Relevansi pendekatan ini semakin jelas melalui temuan ilmiah terkini. Dikutip dari penelitian berjudul Regenerative economics for planetary health: A scoping review (2022), ekonomi regeneratif digambarkan sebagai strategi yang melampaui sekadar wacana keberlanjutan dengan menekankan pemulihan relasi manusia dan alam. 

Menurut penelitian ini, regeneratif dapat diterapkan di berbagai sektor, mulai dari desain industri, energi, pertanian, hingga tata kelola perkotaan, dengan mengedepankan pendekatan transdisipliner, desain regeneratif, serta penilaian menyeluruh terhadap berbagai bentuk modal—baik alam, sosial, maupun manusia. Dengan demikian penerapan ekonomi regeneratif memiliki potensi signifikan dalam menjaga kesehatan planet dan memperkuat fondasi pembangunan yang berkelanjutan

Dengan demikian, ekonomi regeneratif dapat dipandang sebagai sebuah fondasi baru bagi pembangunan modern. Ia tidak hanya menyeimbangkan kebutuhan ekonomi dan lingkungan, tetapi juga mendorong lahirnya sistem sosial yang inklusif, adil, dan berorientasi pada keberlangsungan hidup generasi mendatang.
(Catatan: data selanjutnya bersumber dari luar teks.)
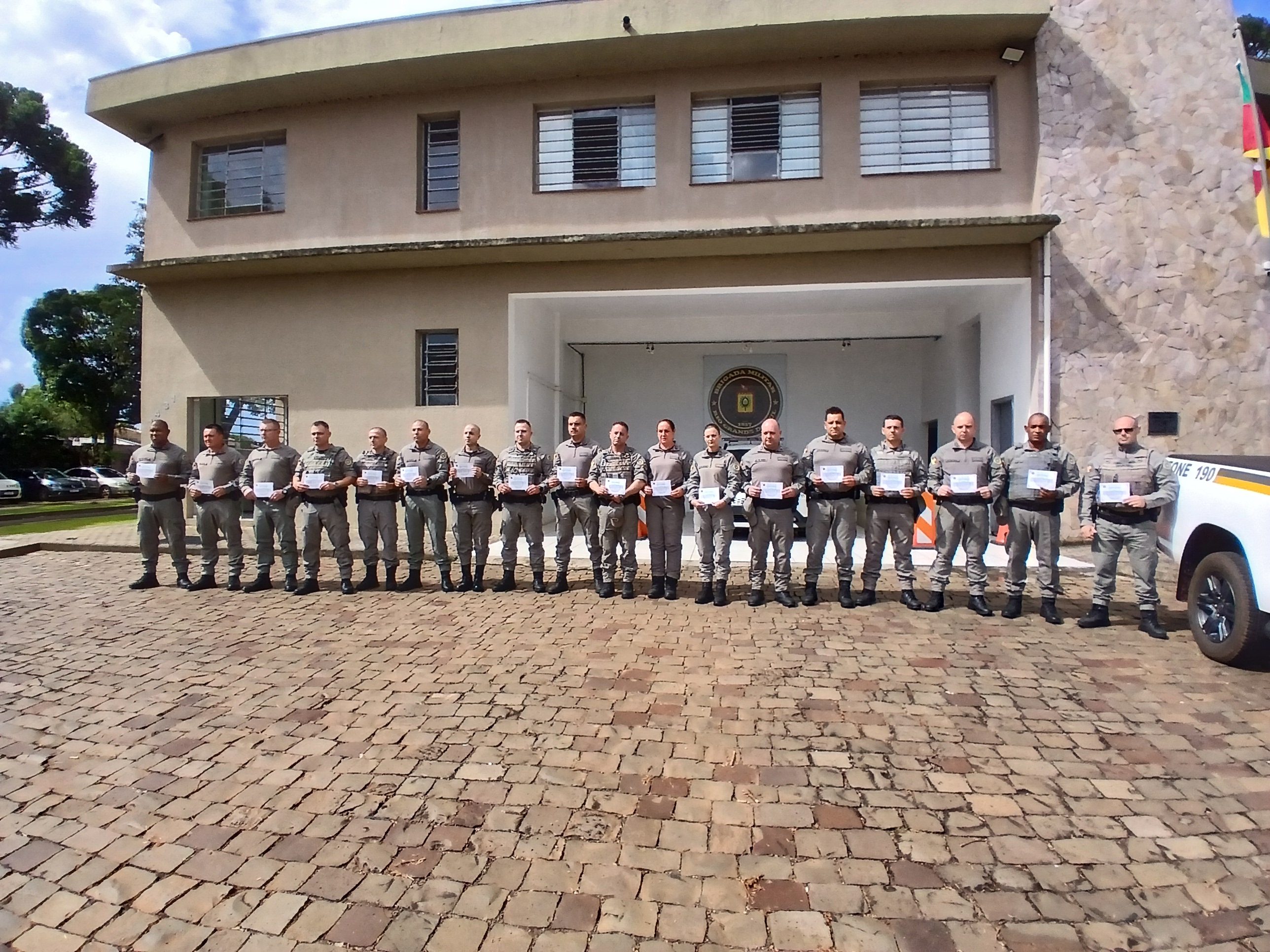 Os policiais militares promovidos na área do 38º Batalhão de Polícia Militar, com sede em Carazinho, foram recepcionados nesta quinta-feira, 08, pelo Comandante da unidade, Tenente-Coronel Juliano Moura, para a cerimônia de diplomação.

Apa Manfaat Ekonomi Regeneratif untuk Indonesia
Indonesia tengah berada pada persimpangan penting dalam menentukan arah pembangunan ekonominya. Di satu sisi, negara ini memiliki kekayaan sumber daya alam yang melimpah dan keragaman hayati yang menjadi aset berharga dunia. Namun di sisi lain, laju deforestasi, degradasi lahan, dan ketimpangan sosial-ekonomi terus menjadi tantangan nyata yang tidak bisa diabaikan. Dalam situasi seperti ini, ekonomi regeneratif hadir sebagai pendekatan yang tidak hanya menawarkan solusi terhadap krisis lingkungan, tetapi juga membuka jalan menuju masyarakat yang lebih adil dan perekonomian yang lebih tangguh.

Sebagai negara dengan biodiversitas tertinggi kedua di dunia, Indonesia memiliki tanggung jawab besar untuk menjaga kelestarian alamnya. Sayangnya, ekspansi industri dan praktik pemanfaatan lahan yang tidak berkelanjutan masih mengancam keberadaan ekosistem penting, terutama hutan tropis. 

Ekonomi regeneratif menawarkan jalan keluar dengan menekankan praktik yang tidak sekadar menghentikan kerusakan, tetapi juga memulihkan lanskap yang sudah terdegradasi.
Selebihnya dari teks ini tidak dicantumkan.